По моей просьбе университет выслал мне ее работу, любезно присовокупив, что я могу не торопиться с возвратом. Я знаю, она стоит в такой серой с проседью папке с зеленым кожаным корешком, регистрационный номер 1954/423, в одном ряду с сотнями других дипломных работ, которые накапливались здесь десятилетиями, и никто, кроме сухой пыли книгохранилищ, не заглядывает на эти полки. Какую бы оценку ни выставил соответствующий профессор, поставил бы он «очень хорошо», как в нашем случае, или всего лишь не пожелал заваливать, пыль их уравняет. И буквально каждый, ибо таково правило, завершил свои усилия следующей фразой: настоящим свидетельствую, что писала эту работу самостоятельно и не пользовалась иными пособиями, кроме перечисленных ниже.
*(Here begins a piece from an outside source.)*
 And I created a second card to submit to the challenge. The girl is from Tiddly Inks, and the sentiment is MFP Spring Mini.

Криста Т. 22 мая 1954 года. Тогда у нее впереди оставалось еще восемь лет и девять месяцев. Часы заведены, теперь можно не беспокоиться, свой завод они отработают. С этой минуты их тиканье будет сопровождать нас. Свою работу она никому не показывала, а мы и не просили. Возможно, ей пришлось сделать над собой усилие, чтобы сдать ее в секретариат, кстати, много позже, чем требовалось. Под конец Гюнтер каждый день напоминал ей о сроках. Оценку «очень хорошо» Криста Т. выслушала с великим равнодушием, впоследствии она ни разу не поинтересуется, что же она там написала. Среди ее бумаг я этой работы не обнаружила.
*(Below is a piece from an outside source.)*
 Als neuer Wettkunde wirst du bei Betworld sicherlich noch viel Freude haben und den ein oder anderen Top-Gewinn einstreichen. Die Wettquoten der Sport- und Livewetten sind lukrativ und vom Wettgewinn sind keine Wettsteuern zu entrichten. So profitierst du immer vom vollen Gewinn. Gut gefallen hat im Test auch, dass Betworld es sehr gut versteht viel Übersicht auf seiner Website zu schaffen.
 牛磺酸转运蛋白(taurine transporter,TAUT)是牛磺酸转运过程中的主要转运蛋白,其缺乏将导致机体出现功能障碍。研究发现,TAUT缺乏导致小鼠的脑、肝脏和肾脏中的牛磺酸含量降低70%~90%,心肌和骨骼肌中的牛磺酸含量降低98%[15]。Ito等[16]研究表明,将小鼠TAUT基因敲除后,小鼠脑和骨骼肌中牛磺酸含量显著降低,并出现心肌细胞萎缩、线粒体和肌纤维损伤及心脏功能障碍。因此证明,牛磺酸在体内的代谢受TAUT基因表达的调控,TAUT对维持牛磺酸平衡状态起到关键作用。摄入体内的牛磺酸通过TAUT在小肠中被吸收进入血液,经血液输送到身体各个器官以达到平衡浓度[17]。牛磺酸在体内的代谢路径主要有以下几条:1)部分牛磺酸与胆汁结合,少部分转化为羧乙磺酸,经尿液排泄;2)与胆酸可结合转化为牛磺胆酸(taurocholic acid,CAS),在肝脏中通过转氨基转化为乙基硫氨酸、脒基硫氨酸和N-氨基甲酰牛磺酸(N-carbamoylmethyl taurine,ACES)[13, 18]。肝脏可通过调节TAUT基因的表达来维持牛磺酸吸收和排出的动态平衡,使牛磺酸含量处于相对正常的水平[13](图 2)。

И вот я впервые читаю ее, ожидая встретить те высокомерные интонации, те заранее заданные, трескучие фразы, с которыми мы в то время не столько осваивали, сколько штурмовали свои темы. Я никак не ожидала ни проникновенного понимания, ни признаний, а того меньше самопроверки и почти неприкрашенного самоизображения — словом, не ожидала вторжения личной проблематики в бесстрастное научное исследование.

Для нас очень важно, чтобы правильные вопросы возникали своевременно, и в этом смысле ей, Кристе Т., повезло, вопрос готов, вот он: может ли человек выразить себя в искусстве и если да, то каким путем и при каких обстоятельствах.

Вот почему, читая, я слышу ее голос. Она говорит о духовных приключениях своего писателя, и ее нимало не смущает, что между ним и другим лицом, которое ею хотя и не названо, но все время присутствует, возникает своеобразное родство. Почему именно Шторм? Она объясняет: потому что его отношение к миру «преимущественно лирического характера» и потому, что подобный характер в условиях эпохи, отмеченной тенденциями упадка и эпигонства, должен прилагать особые усилия, чтобы осуществить свое творческое призвание. Значит, дело в усилиях. Она отнюдь не переоценивает его творчество, зато она ценит, что оно вообще стало возможным. Она отнюдь не защищает творца идиллий, отнюдь не пытается превратить занятую им провинцию в великую поэтическую державу. Но то, чем он владеет вопреки всему, действительно завоевано, и в каких условиях!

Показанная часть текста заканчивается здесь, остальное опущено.